Abhishek Jhunjhunwala

Personal information
- Full name: Abhishek Arunkumar Jhunjhunwala
- Born: 1 December 1982 (age 43) Kolkata, West Bengal, India
- Batting: Right-handed
- Bowling: Right-arm off-break
- Role: Batsman

Domestic team information
- 2010: Rajasthan Royals
- 2011: Pune Warriors India
- 2012: Deccan Chargers

Career statistics
| Competition | FC | LA | T20 |
| Matches | 26 | 24 | 38 |
| Runs scored | 1,292 | 529 | 472 |
| Batting average | 30.76 | 29.38 | 18.15 |
| 100s/50s | 4/4 | 0/4 | 0/2 |
| Top score | 139 | 84 | 54* |
| Balls bowled | 744 | 300 | 121 |
| Wickets | 9 | 3 | 3 |
| Bowling average | 57.55 | 89.66 | 57.33 |
| 5 wickets in innings | 0 | 0 | 0 |
| 10 wickets in match | 0 | 0 | 0 |
| Best bowling | 3/42 | 2/58 | 1/5 |
| Catches/stumpings | 16/- | 3/– | 20/– |
- Source: ESPNcricinfo, 3 April 2024

= Abhishek Jhunjhunwala =

Indian cricketer (born 1982)

Abhishek Arunkumar Jhunjhunwala (born 1 December 1982) is an Indian first-class cricketer.

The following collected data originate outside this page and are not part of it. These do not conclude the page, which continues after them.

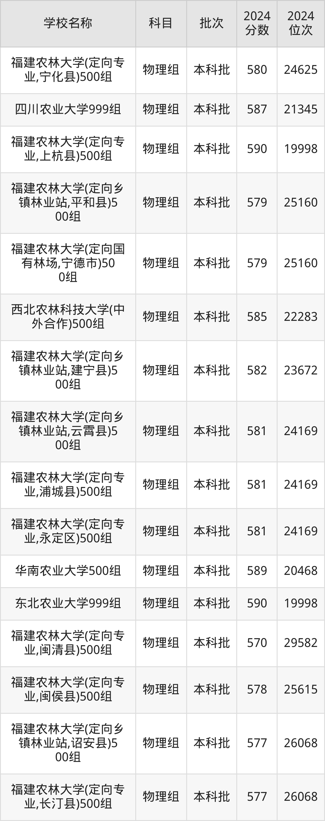 福建高考物理组共有18所农业大学在570到590分之间录取,包含福建农林大学(定向专业,上杭县)、东北农业大学、华南农业大学、四川农业大学、西北农林科技大学(中外合作)、福建农林大学(定向乡镇林业站,建宁县)、福建农林大学(定向乡镇林业站,云霄县)、福建农林大学(定向专业,浦城县)、福建农林大学(定向专业,永定区)、福建农林大学(定向专业,宁化县)。
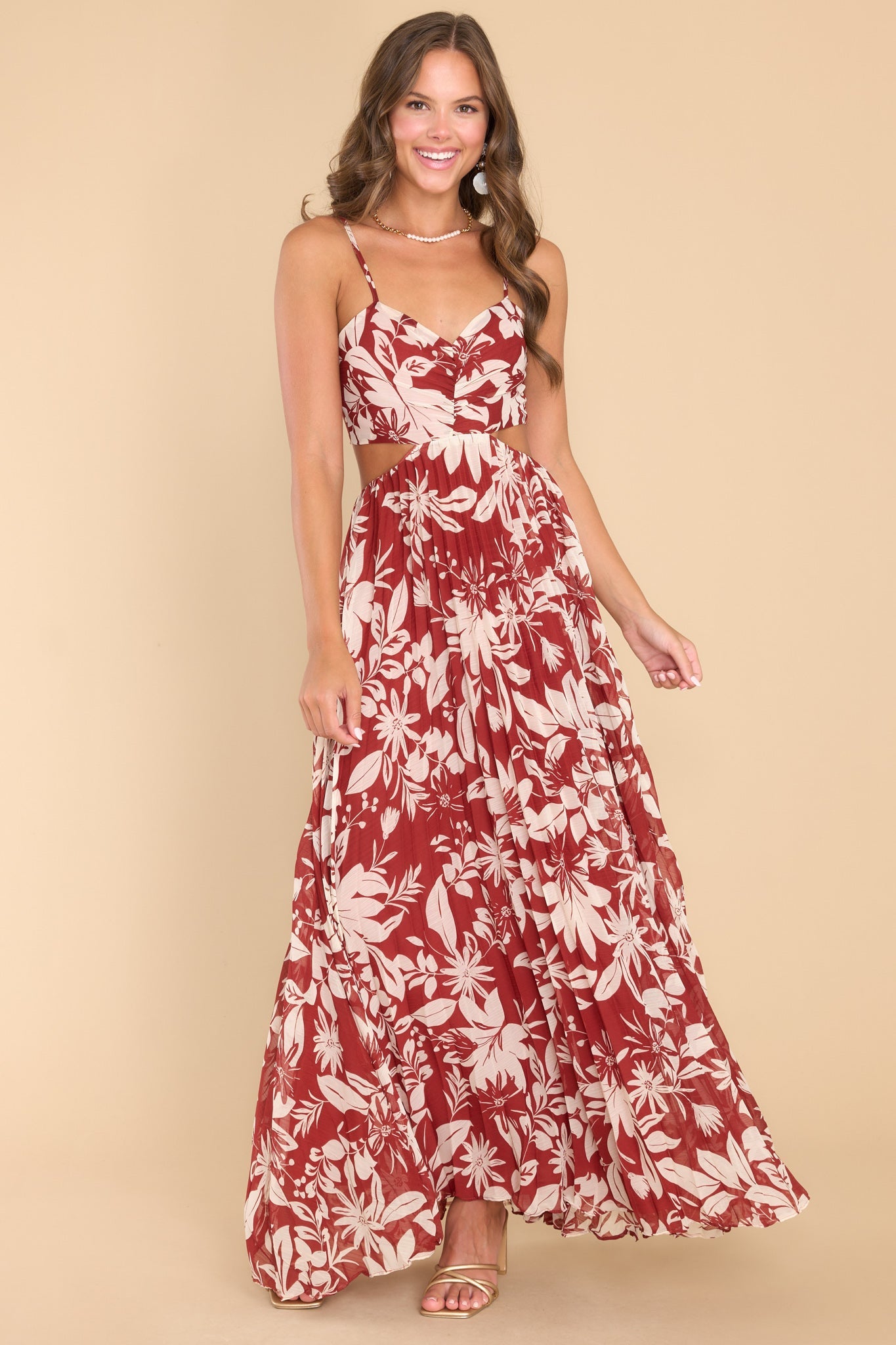 Keep Your Promises Brick Ivory Floral Maxi Dress
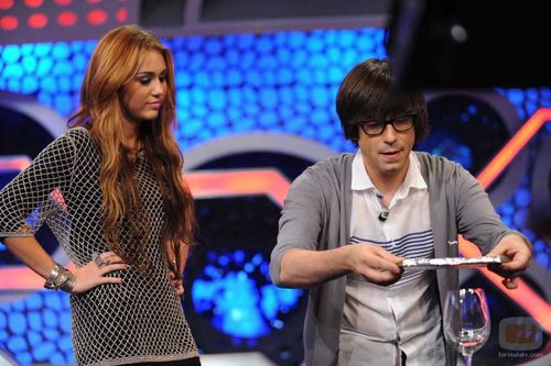 Miley Cyrus observa los trucos de Luis Piedrahita en su segunda visita a 'El hormiguero'.
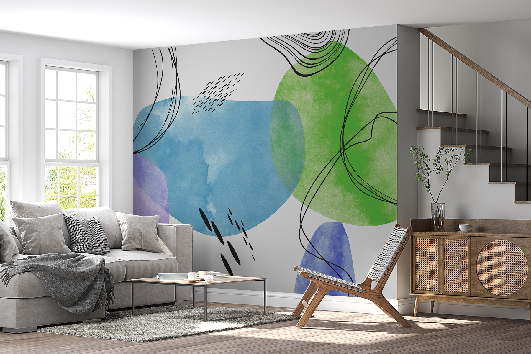 Stel je voor dat je elke dag thuiskomt met “Fotobehang Green and Blue Art”. Het is als een zachte plens kalmte en creativiteit in je leefruimte. De groene en blauwe tinten vloeien in elkaar over als een sereen meer dat gekust wordt door licht. Abstracte vormen dansen als het ware op je muur en veranderen elke lege ruimte in een modern meesterwerk.
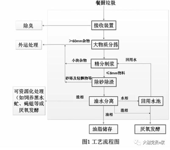 餐廚垃圾中的大塊金屬、瓷片、玻璃、塑料瓶蓋、貝殼、砂石、紙張等雜物被自動分揀出來,外運至生活垃圾焚燒發(fā)電廠。漿液經(jīng)加熱后分離出三種狀態(tài)的物料-水相、渣相、輕相(油水混合物料)。其中從輕相物料中分離出來的粗油脂儲運后可進一步加工制成生物柴油,作為飛機燃料使用;渣相物料,一路與水相進行調(diào)配做厭氧發(fā)酵,產(chǎn)生的沼氣可發(fā)電,另一路可用于資源化利用,如飼養(yǎng)黑水虻、蠅蛆等。
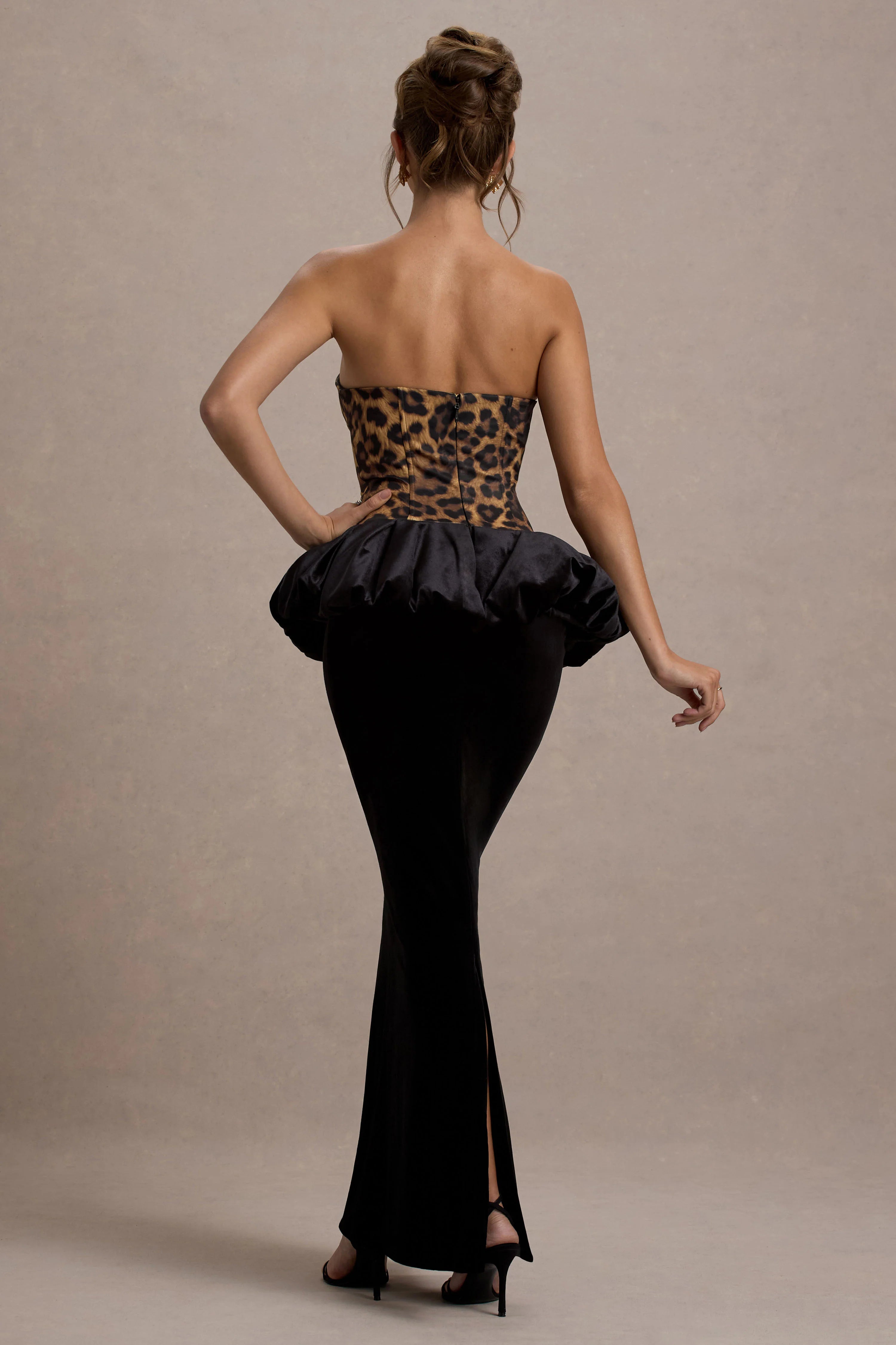 Party season calls for a lavish dress like Harriette. Irresistibly captivating, this leopard print floor-sweeper boasts a boned corset bodice, peplum waistline and long, velvet skirt. For a luxurious black tie ensemble, compliment yours with a sleek bun and some sparkling accents like Glimmery.
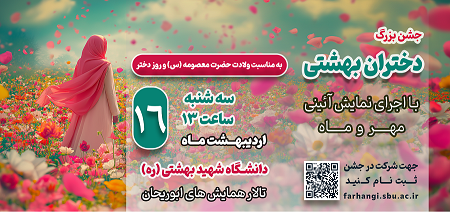 به مناسبت سالروز ولادت حضرت فاطمه معصومه (س) و روز ملی دختر، جشن بزرگ «دختران بهشتی»، روز سه‌شنبه ۱۶ اردیبهشت‌ماه 1404 به همت معاونت فرهنگی و اجتماعی دانشگاه، در فضایی صمیمی، پرنشاط و سرشار از شور دانشجویی برگزار شد.
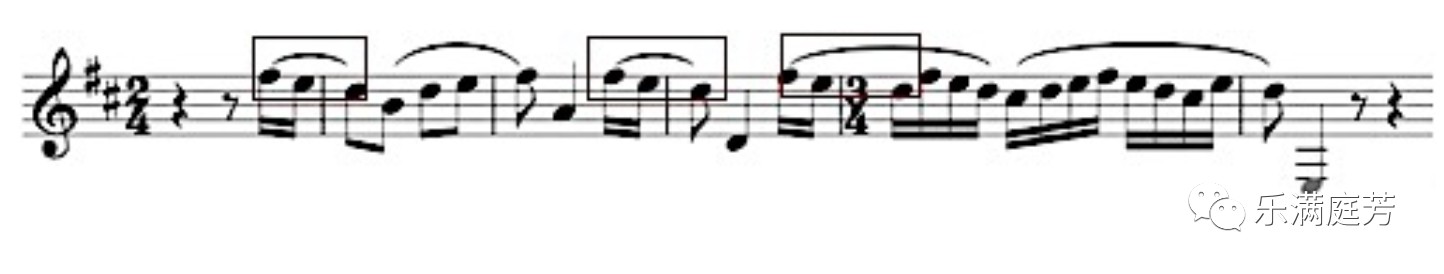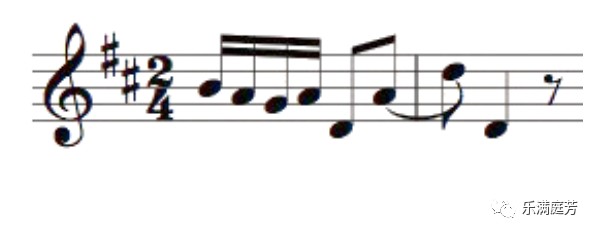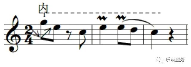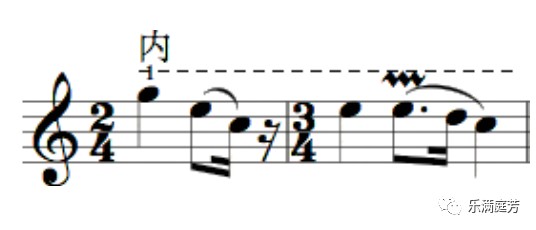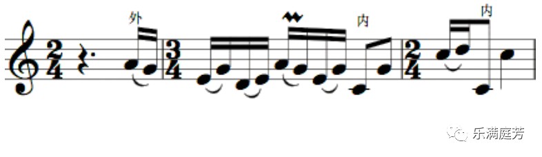 为固定音型,贯穿全曲。在弓法上是十分规整的、一拍一弓的拉奏。就在这“规整”之中,广东音乐常用旋法又悄悄显现,如多为眼起,弱拍多加花,重拍基本不加花,等等。
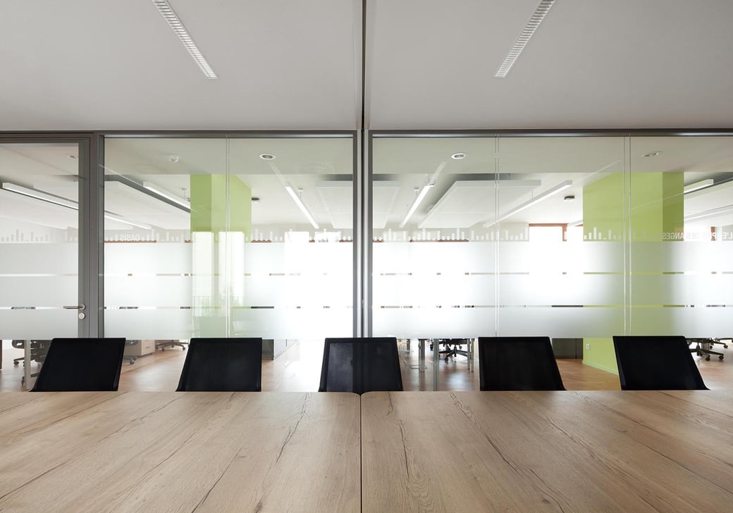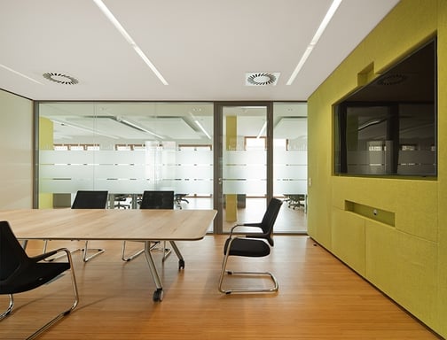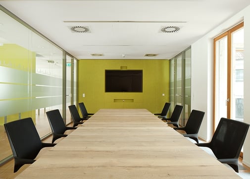In den Konferenzräumen befinden sich mit Akustiktextilien bezogene Medienwände, welche mit großformatigen Bildschirmen und Video-Konferenzsystemen ausgestattet sind.
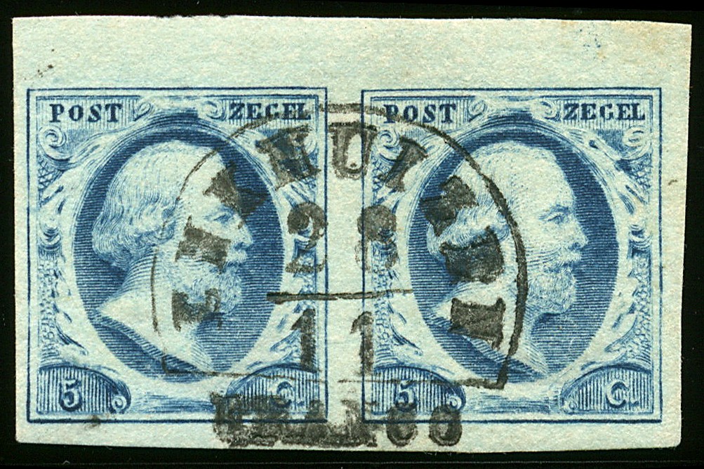 ENKHUIZEN A (EY.250) op 5 cent nr. 1b-Pl.I-52/53. Luxe randpaar met superbe afst. Ex Dreikurs
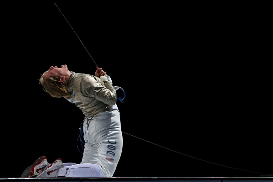 Read moreAnne-Elizabeth Stone of the United States celebrates after defeating María Belén Pérez Maurice of Argentina in the women's fencing saber individual gold-medal bout on day 11 at the Lima Convention Center. #
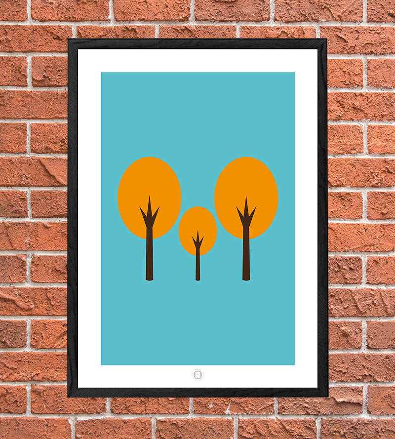 What a strange thing, a tree that looks like an egg, how utterly wonderful. To add to your wonderment we don’t have just one, but three eggtree’s in this particular print. These particular eggtree’s are blooming in a rich orange with a bright solid blue background.

He played for the Royal Bengal Tigers and the Indian World Team in the Indian Cricket League Twenty20 competition, before signing for the Rajasthan Royals in the Indian Premier League in 2010. In that season, he was included in 13 matches, and scored a total of 183 runs, the most runs out of all of his seasons

In the 4th season of IPL, in 2011, he played for Pune Warriors India. In that season, he was included in 2 matches, and scored 10 runs in total. In the 5th season of IPL, in 2012 , he moved to the now terminated team, Deccan Chargers. During that season, he was included in 5 matches, and scored a total of 24 runs. That season would be his final season that he would play in.

Abhishek is now playing for Hampton Wick having moved from Richmond Cricket Club (London) to become HW's Director of Cricket.